O pesquisador conta que o método da etnografia é mais comum na antropologia. A base da etnografia é o trabalho de campo, com contato direto no dia a dia do grupo social analisado.
Abaixo alguns trechos da matéria, que pode ser lida na íntegra aqui.
“Meu objetivo inicial era principalmente investigar quais eram as motivações, falas e fazeres dos profissionais de saúde que atuavam na ponta. Então me propus a seguir os profissionais de saúde do Consultório na Rua. Consegui entrar em contato com eles, comecei a ir a campo sozinho e tentar fazer contatos”, relata. Nas tentativas de iniciar relações com os profissionais, Nogueira percebeu que era mais bem recebido por pessoas ligadas a movimentos sociais.
“Então eu já comecei a dividir meu objeto de estudo. Comecei a ver que a entrada possível era através da militância. Como concordava com muitas das causas, com o tempo eu passei a fazer parte dessa militância. A antropologia fala de observação participante, e isso se dá na prática. Conforme você vai adentrando o campo, se você não participa muitos caminhos vão estar fechados para você.”
Em razão da dificuldade burocrática de se aproximar dos profissionais de saúde do Consultório na Rua, o pesquisador precisou buscar outros caminhos de aproximação. Os movimentos sociais foram importantes nesse contexto, para auxiliar no contato com outras pessoas que já atuaram como agentes de saúde no território. A dissertação acompanha os dois grupos e conta com capítulos dedicados ao dia a dia dos profissionais de saúde no território, e capítulos dedicados à atuação da militância social na região.
Segundo o pesquisador, a militância da região é constituída por trabalhadores que atuaram no território, e muitos foram perseguidos politicamente na mudança de gestão da Prefeitura de São Paulo no ano de 2017. “São muitos militantes da política de redução de danos, que pautava o programa De Braços Abertos. Além dos profissionais de saúde, tem jornalistas, advogados, sociólogos, etc. É uma mescla de profissionais que convivem com a região e os próprios frequentadores do território que passaram pelas políticas públicas propostas naquela área ”, afirma.
Naquele ano, houve a transição do governo municipal de Fernando Haddad (2013-2016) para o de João Dória (2017-2018) e o programa social vigente De Braços Abertos, instituído na gestão Haddad, passou a ser desarticulado e precarizado, em favor de um novo programa batizado de Redenção.
Problema eleitoreiro
Durante o período de campanha das eleições municipais paulistanas, e até mesmo nas eleições gerais, quando o Estado de São Paulo elege seu governador, o problema de saúde pública da Cracolândia recebe novas propostas para uma espécie de solução.
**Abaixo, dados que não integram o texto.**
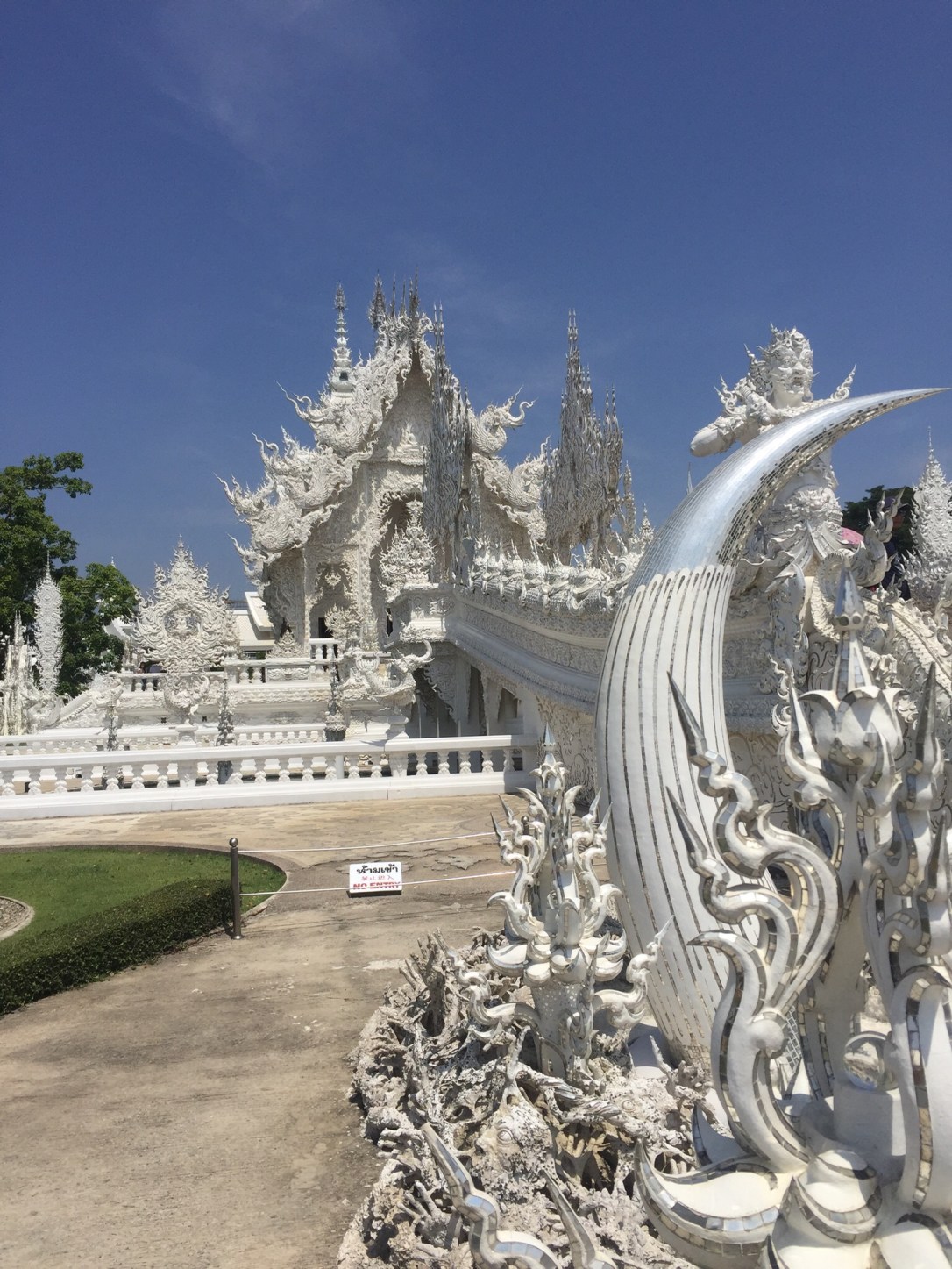 We only have one full day, so anything we want and need to do must be done on this day. True to our style in the Philippines and Malaysia, we send postcards on the last day in the country (we already bought the Laos ones, but they are yet to be written…), so our first stop is the post office. Then, we are off to see the White Temple, probably the most famous one of Chiang Rai, despite (or because of?) being very recent. It is (surprise, surprise) completely white and has been built since 1997. Construction is meant to be ongoing until 2070 (!). For some reason, this is the only place where we encounter crowds since our arrival in Thailand. Large groups of Chinese tourists stream into the temple and it is difficult to enjoy this weird construction. We only stay for a few minutes before we escape.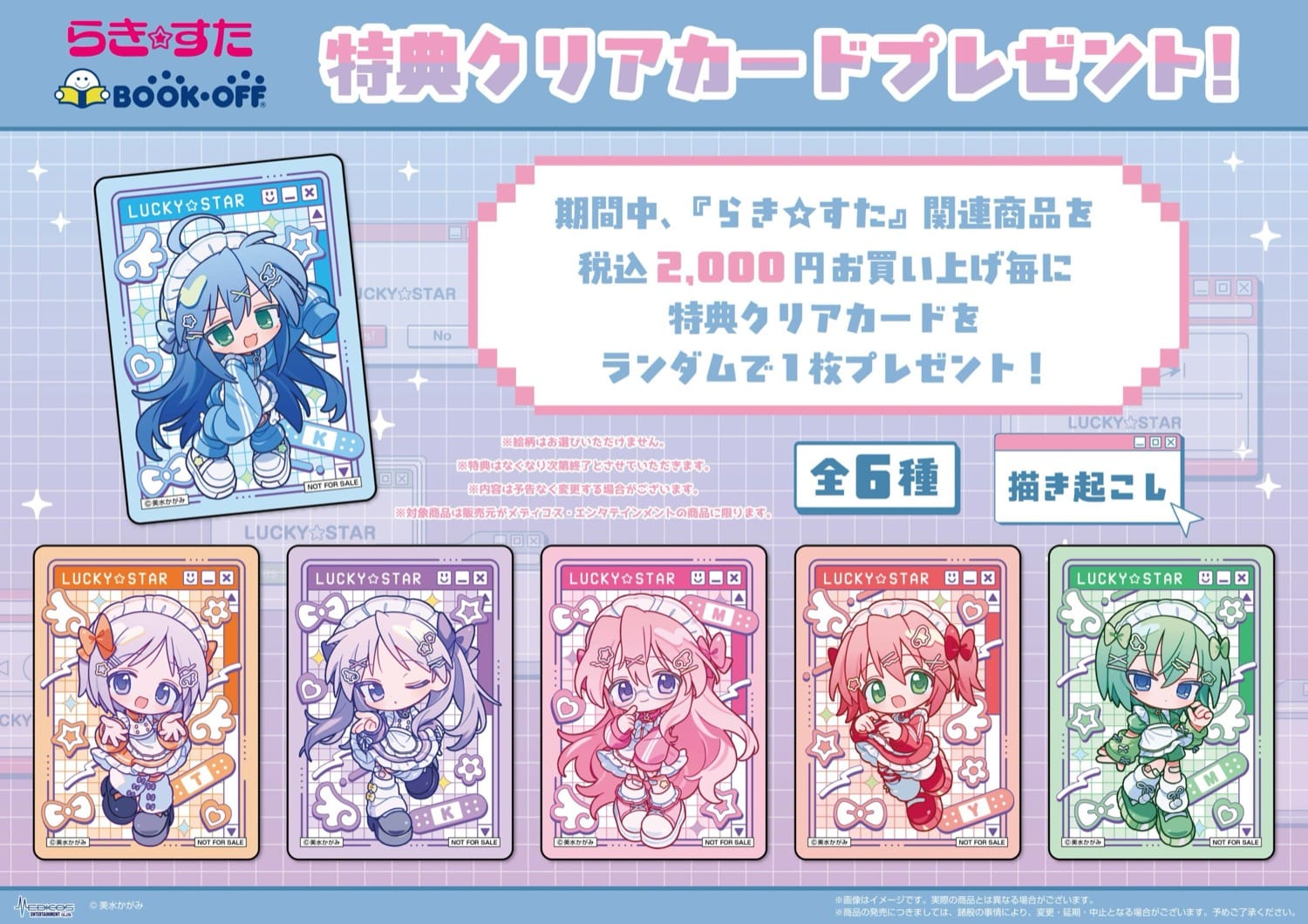「らきすた × ブックオフ」コラボにて関連グッズを2,000円 (税込) 購入ごとに、特典として「クリアカード 全6種」をランダムで1枚プレゼント!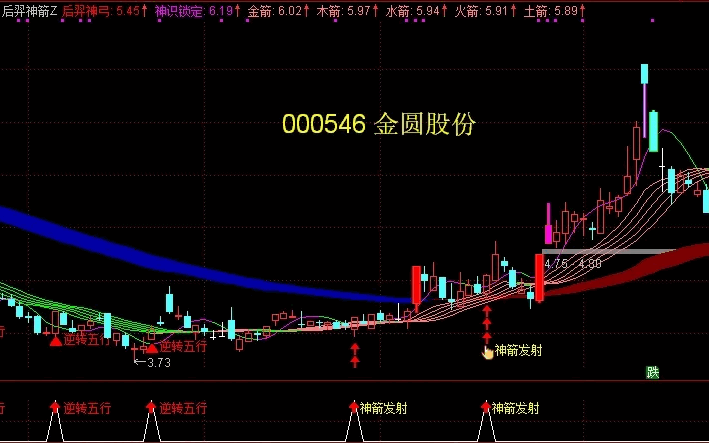 一,《后羿神箭》 是一种波段与趋势兼顾的指标,短线波段看“神识锁定”线,趋势看“金、木、水、火、土”五行箭线,朋友们自行发挥空间大,期待朋友们从中探索出更好更高效的战法。其内含主图指标“后羿神箭Z”,副图“后羿神箭F”以及选股公式“后羿射日”。
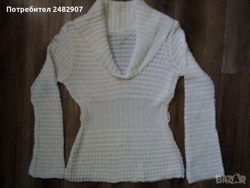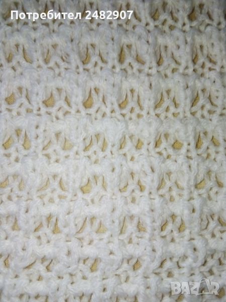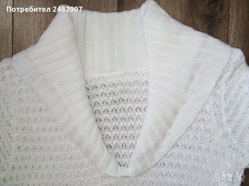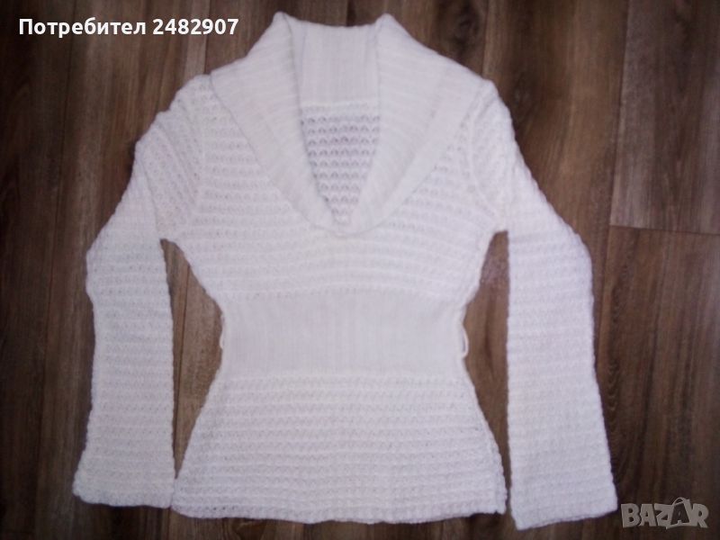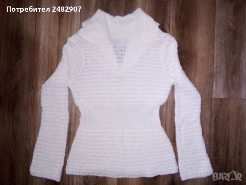Машинно плетена мрежеста дамска туника в бяло, размер S. Ширина в раменете - 47 см, ширина под мишниците - 45 см, ширина в долната част - 50 см, дължина от рамото до долу - 65,5 см, дължина на ръкава от рамото - 68 см, ширина на ръкава в долната част 15 см. Много запазена, почти не е използвана с гайки на талията и шал-яка.

Para Nogueira, um dos principais problemas para que nenhum programa de política pública consiga se consolidar é a falta de continuidade.
“Um dos problemas é a falta de continuidade por conveniências políticas. Uma política pública que não tem continuidade está fadada ao fracasso. Ainda mais nesse contexto em que as pessoas já têm experiências muito ruins com o Estado. O Estado, para essas pessoas, normalmente vem pela mão da repressão. Então quando elas entram em uma política pública que é descontinuada de alguma forma, é muito difícil você recuperar a confiança dessa pessoa no Estado”, afirma.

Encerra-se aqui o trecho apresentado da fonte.